# New Year's Eve Pheasant Hunt with Ruger Gold Label SxS 12ga



## The Norseman (Jan 8, 2005)

A Great New Year's to everyone,

New Year's Eve 2005, got a chance to go Pheasant hunt'n, before the weather turned for the worst again.
New Year's Day forecasted freezing rain, so the family and I left Mom's Farm late afternoon.

Two nights ago we had battled freezing rain and snow drifts for 100 miles. The last 30 miles being the worst with wet snow, and at least 6" snow drafts. If, we had gone in the ditch, it would probably be hours before anyone found us. It is pretty desolate on the way to the Farm. That was stupid.

Anyway, I really like my Ruger Gold Label Side by Side Model KSXSS 12ga Shotgun. It is such a great handling shotgun for me. The RGL weight of 6.25 lbs was a dream to carry through the wet snow, which was sometimes knee high in the CRP grass.

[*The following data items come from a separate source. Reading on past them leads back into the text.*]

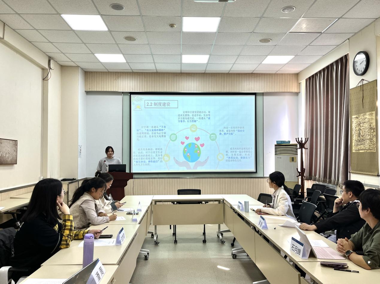 在第一轮评选中,学部共收到26份评选材料。根据学校要求,宿舍安全与卫生检查成绩是文明宿舍参评的重要依据,参评宿舍在本年度内已进行的宿舍安全与卫生检查成绩应均在90分以上。学部参考学校要求对评选材料进行初审后,共有11个宿舍进入答辩环节。各宿舍在答辩中结合宿舍特色进行了精彩有趣的汇报,展示了卫生干净的宿舍环境、合理完善的宿舍制度、团结友爱的宿舍氛围、丰富多彩的宿舍活动,以及宿舍成员的成果与成长,每一间宿舍都凝聚着各有风格的宿舍故事。
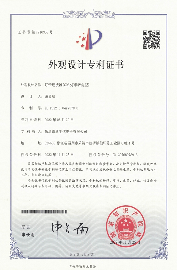 外觀設計專利證書
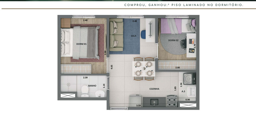 Escolha a planta ideal para você, com opções que variam de 34 a 60 metros quadrados, todas com possibilidade de varanda e acabamentos de alta qualidade, incluindo piso laminado nos dormitórios.
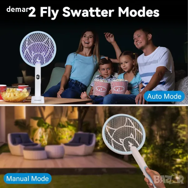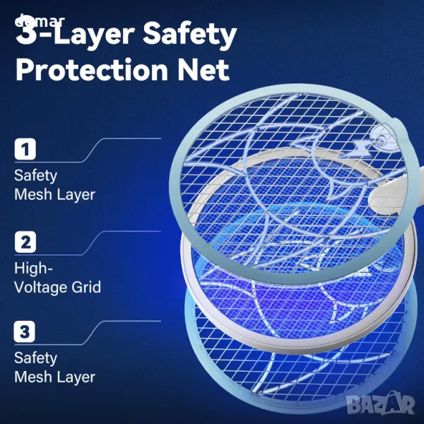 Този високоволтов уловител за комари елиминира насекомите при контакт, функционирайки както като ръчна ракета, така и като автоматичен капан с лилава светлина за тиха употреба през нощта. Оборудван с двоен Type-C порт за зареждане и 1800mAh акумулаторна батерия, той предлага гъвкаво зареждане и по-дълга работа. Дисплей за нивото на батерията осигурява лесно наблюдение, докато 3-слойната защитна мрежа повишава безопасността, като предотвратява случайни удари.
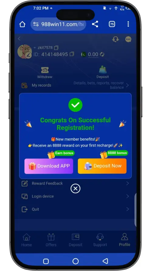 988 Game is an online gaming platform where users can enjoy different types of games and earn rewards, bonuses, and referral income. It is designed with a simple and user-friendly interface so that beginners can easily understand and start playing without any difficulty. The platform also provides multiple earning opportunities through gameplay and invitations. Users can conveniently manage their account and enjoy gaming anytime.
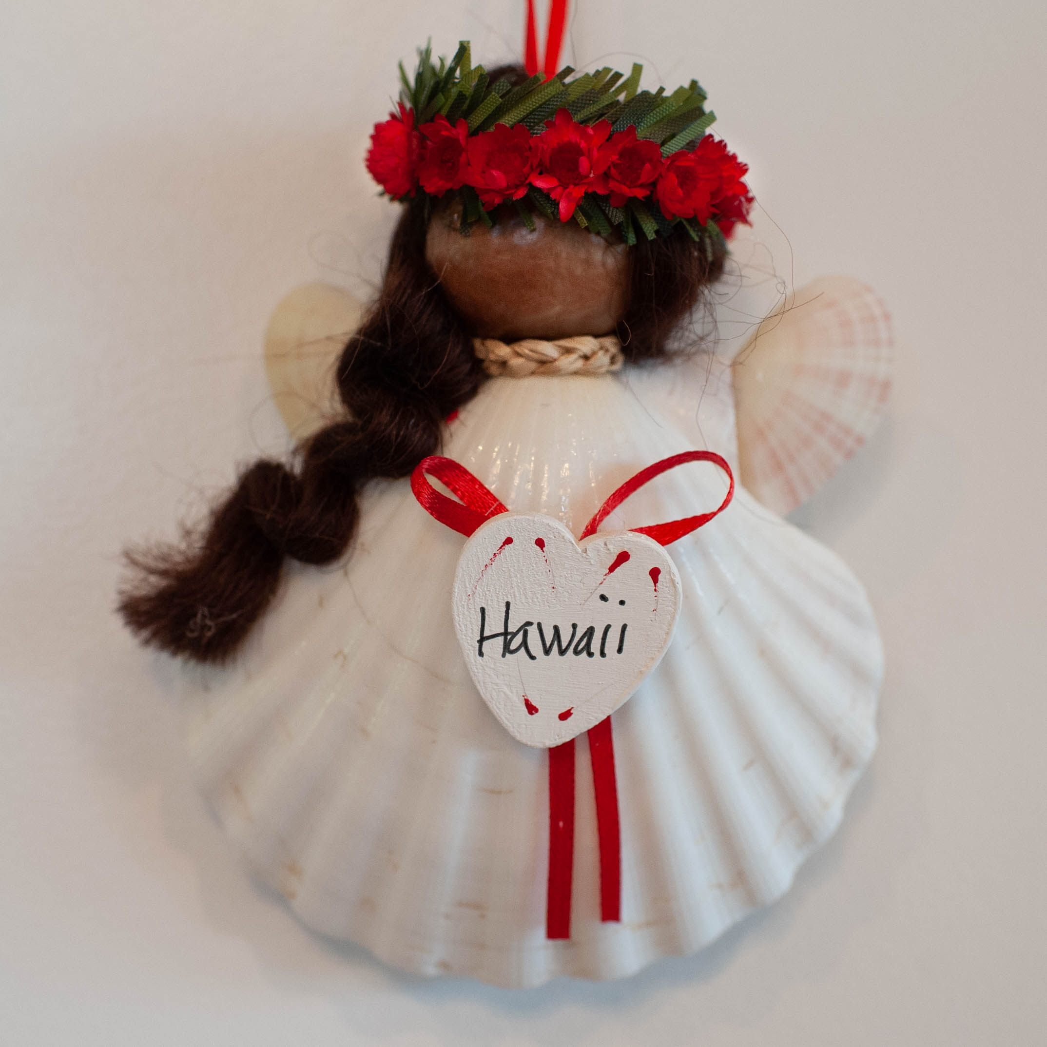 This hanging Angel Body (4.5″ x 4″) is made from a Calico Scallop Shell and is given flight with itÊ»s Tellina shell wings. The head is a macadamia nut with long brown wool hair laid across the front, a Red Brazilian Star Flower Haku Lei placed on top, and a braided raffia trim around the neck. This Angel is also holding a heart inscribed with either the word Hawaii, Kauai, Maui, Oahu, Aloha or another short person name/phrase.
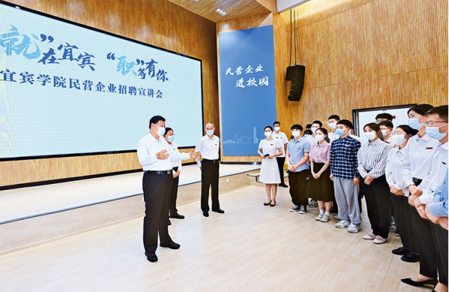 2022年6月8日,中共中央总书记、国家主席、中央军委主席习近平在四川考察。这是8日下午,习近平在宜宾学院考察时,向正在参加企业招聘宣讲会的教师、学生、企业负责人了解企业招工需求和毕业生签约率等情况。 新华社记者 李学仁/摄
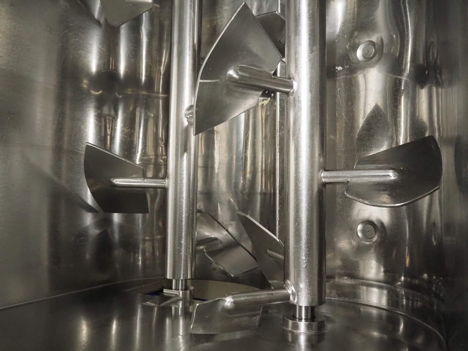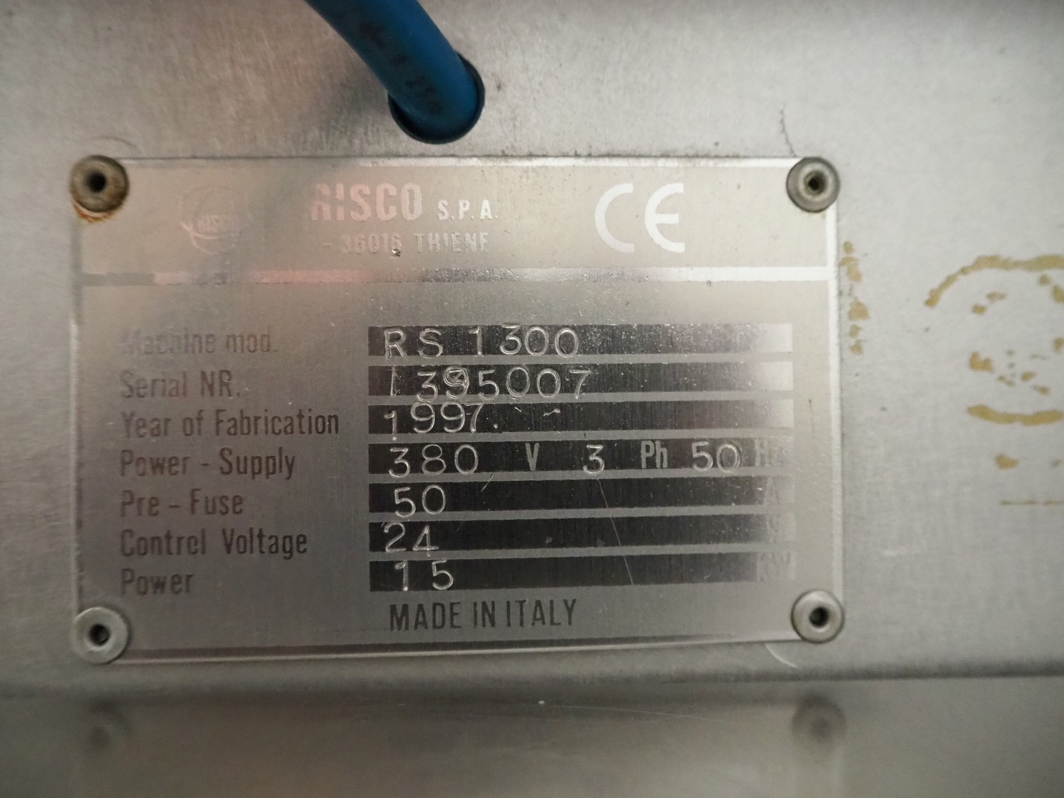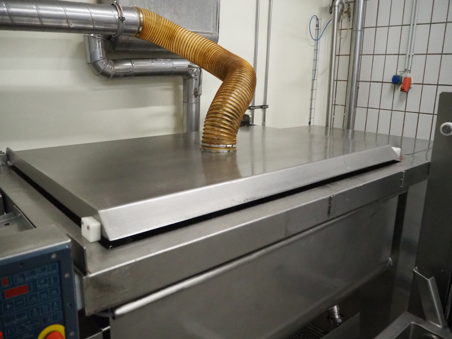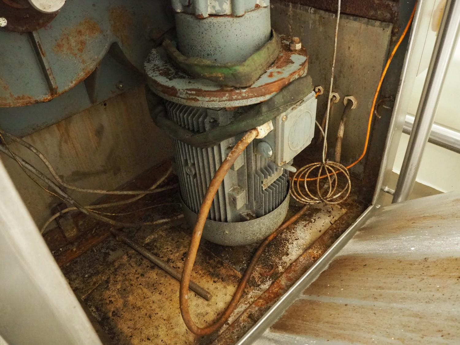 Risco double shaft paddle mixer with lifter for 200 liter meat bins, model: RS 1300, serial number: 1395007, year of construction: 1997, 380 V, 3 Ph, 50 Hz, 15 kW, steam injection, volume: 1300 liter, lifting height: 1900 mm, dimensions lifter: 1200 mm x 650 mm x 2750 mm, dimensions mixer: 3100 mm x 1100 mm x 1800 mm.
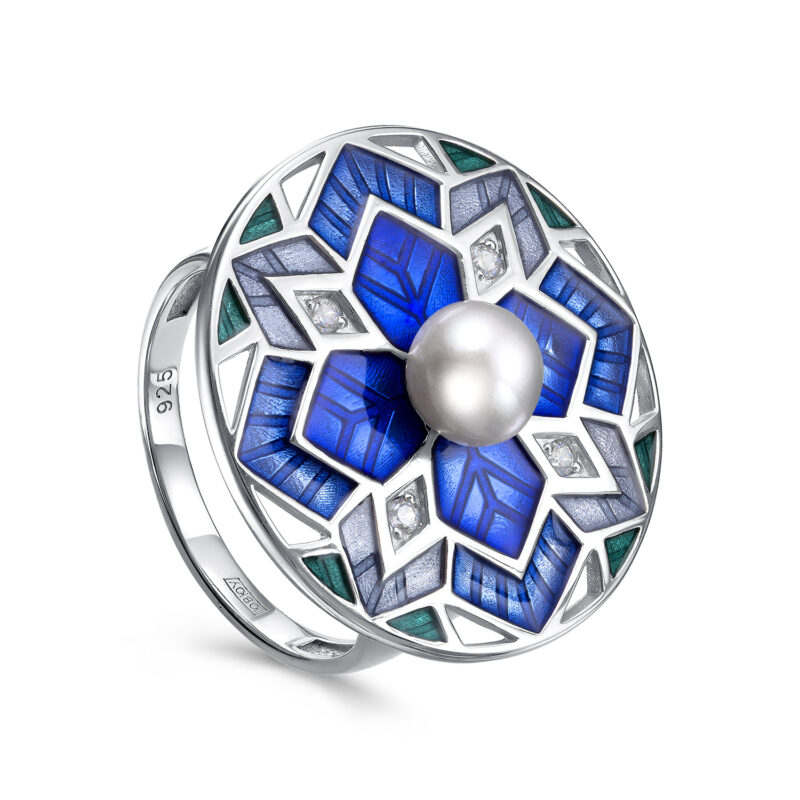 Кольцо из серебра с жемчугом и фианитами
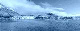 Landscape with glacier in Svalbard at summer time. Sunny weather.

On this Pheasant hunt I used Remington Game Loads 12ga 2-3/4", 1oz, 6 shot, muzzle vel. 1290fps
(Green/Tan box) bought at Wal-Mart. Shells are colored black with a dull gray metallic low base.
In comparison to the Winchester, the Remington's are quite dirtier in the shotgun bores.

The Ruger Gold Label SxS came up to the shoulder nice and pointed where I looked. I just put the bead (barely any barrel showing) on the flying Pheasant, and down he went.

Again muzzle report from the RGL was pretty decent on the ears. When shooting at Pheasants recoil was not notable.

The Pheasant's were really burrowed in the snow and sitting tight. We almost had to step on them to get them to fly. The Rooster I shot, I happened to look down, there was his tail sticking out of the snow.
I walked up to him and motioned for Mom to come and look. The Rooster finally decided to fly up just as Mom got there that's when I got him. My son joined us later. I only got one out of the twenty we chased around for a couple of hours.

The Ruger Gold Label SxS Model KSXSS 12ga Shotgun worked flawlessly as intended. Handling is fast and natural. Safety/barrel select is great, trigger crisp, recoil descent for being 6-1/2 pounds. Spent shells ejected with authority, unfired shells just lift up, break open lever was helped to closed position after each reload, lockup tight/opening action easy. Screw-in chokes intact, no cracked stock, or forearm rattles.
I think I'll clean it tomorrow.

Thanks for reading my Field Report.


----------



## rowdie (Jan 19, 2005)

how much $$$??


----------